On August 25th 2012, the Leyendecker Plant Science Center, 6 miles south of NMSU in Las Cruces, hosted a Centennial Field Day. This event provided the opportunity to check on the progress of Larry Blackwell’s vegetable garden. The small garden nestles again a white wall, which reflects light and adds to the challenge of desert growing.
Larry Blackwell is a research lab technician in Weed Science. Although his main responsibility is to oversee the weed garden and related research requirements, he still finds a bit of time to nurture some desert-possible vegetables.
The “three sisters” – corn, squash, and beans – have been grown throughout the Borderlands for millennia. Native Americans have legends and stories about how the collaboration works to the benefit of all. Although farmers growing for commercial purposes plant crops individually, companion planting as traditionally employed can work well for backyard gardeners.
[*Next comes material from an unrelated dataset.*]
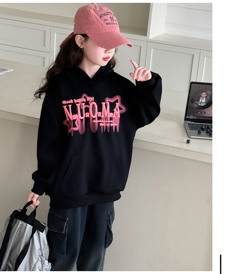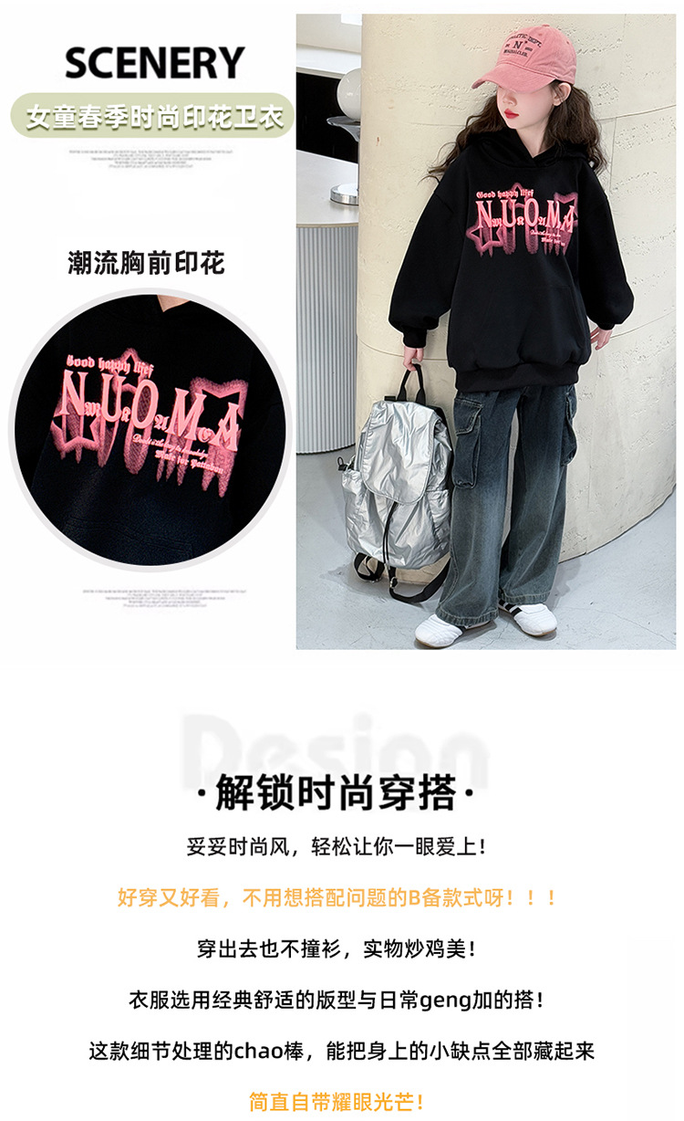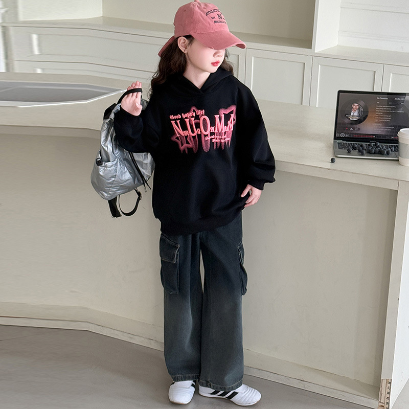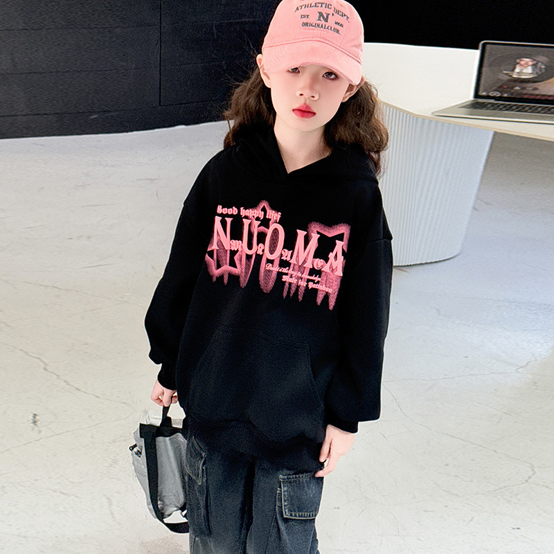 소녀의 봄 2025 새로운 스타일 한국 스타일 유행 어린이 옷 모든 경기 캐주얼 후드 땀 소녀의 유행

Larry’s crops are pumpkin, squash, eggplant, all of which are doing well, and tomatoes, which are a classic Borderlands challenge. Pumpkins and squash are members of the Curcurbita species. Eggplants and tomatoes are members of the Genus Solanum. This is the largest genus in the Solanaceae Family, known also as the potato family. Peppers (Genus Capsicum) and Jimsonweed (Genus Datura) grow well here in the Borderlands, but tomatoes and potatoes do not. Several growers are producing delicious organic tomatoes but these are grown under very special conditions. It’s possible that tomatoes that do well in desert regions similar to here may do better than types better adapted to more moist U.S. regions. Larry is growing the eggplant commonly seen in supermarkets, but across the world, there are hundreds of different kinds, some edible, some not.
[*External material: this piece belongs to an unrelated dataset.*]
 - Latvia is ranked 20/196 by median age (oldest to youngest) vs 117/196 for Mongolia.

One of the truly wonderful things about the Leyendecker Plant Research Center is that it sparks new ideas and new explorations. At the farm, researchers grow different plants under different conditions. Some efforts are carefully controlled as true research experiments, and some, like Larry’s vegetable garden, are more relaxed. These kinds of examples are more accessible to kitchen, backyard and community gardeners specifically because of the informality. It’s easy to see something growing in different conditions and to compare results without having to wait for the paper to be published or to wade through complicated technical words to understand what happened.